Two firms setting up $200m fund to help money-starved Russian fintechs

By Andrei Skvarsky.

Two financial services firms are launching a $200m fund to provide loans to Russian fintech companies in a bid to help a sector starved of financing because of legal constraints.

The FinTech Credit Fund, a joint project by investment managers FinTech Capital and Da Vinci Capital, will offer debt financing to fintechs that specialise in lending to individuals and small and midsize enterprises, according to East-West Digital News (EWDN).

Borrowers from FinTech Credit Fund would use some of the money to finance their own loans and the rest to meet their corporate needs.

FinTech Credit Fund loans would have a maturity of between six months and three years.

Russian banking news website Banki.ru cited FinTech Credit Fund chief executive Yury Popov, who is managing partner of FinTech Capital, as complaining that Russian fintechs have extremely limited sources of financing and that this holds back the country’s fintech sector.

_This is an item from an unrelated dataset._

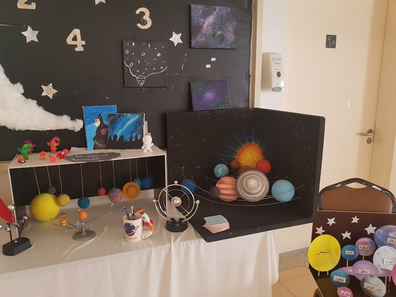أوضحت طالبات المسار الهندسي في فعالية "الفضاء في قشرة جوز" والذي أقيم بعمادة السنة التحضيرية/شطر الطالبات، يوم الخميس الموافق1440/7/14هـ عن علاقة الفضاء وما يحتويه من اعجازات علمية بالرياضيات، والفيزياء، والكيمياء، والأحياء، والحاسب، حيث اشتمل الحديث فيها عن الإنسان القديم وطريقة تفكيره وفهمه وخياله في استيعاب الفضاء وما يحتويه من أجرام وكواكب. تمت هذه الفعالية بإعداد وإشراف وتنظيم كلا من وحدة خدمة المجتمع بإشراف الأستاذه أشواق العنزي، ونادي العلوم الأساسية بإشراف الأستاذة راضية حميدة. اختتمت الفعالية بمسابقة الكترونية علمية أثرت الحضور بمعلومات قيمة، عقبها تقديم هدايا للفائزين.

Capital markets are only open to large companies, setting up a credit line with a bank makes little sense because of a bureaucratic rigmarole it involves and high subsequent monitoring charges by the lender bank, and only banks are allowed to open state-insured deposit accounts for individuals, Popov explained.

ID Finance, FinTech Capital’s parent company, said in a statement that, in processing a loan application, FinTech Credit Fund would look at the applicant’s creditworthiness, business model, technology, loan portfolio quality, and risk and revenue potential.

A short while before the emergence of FinTech Credit Fund became known, Russian billionaire Oleg Boyko announced a plan to invest $150m in fintech startups over the next five years, according to EWDN.

FinTech Capital is an asset manager owned by ID Finance, a Barcelona-headquartered fintech company with Russian roots. Da Vinci Capital is an investment manager that is domiciled in Guernsey and also has offices in Moscow and Hong Kong.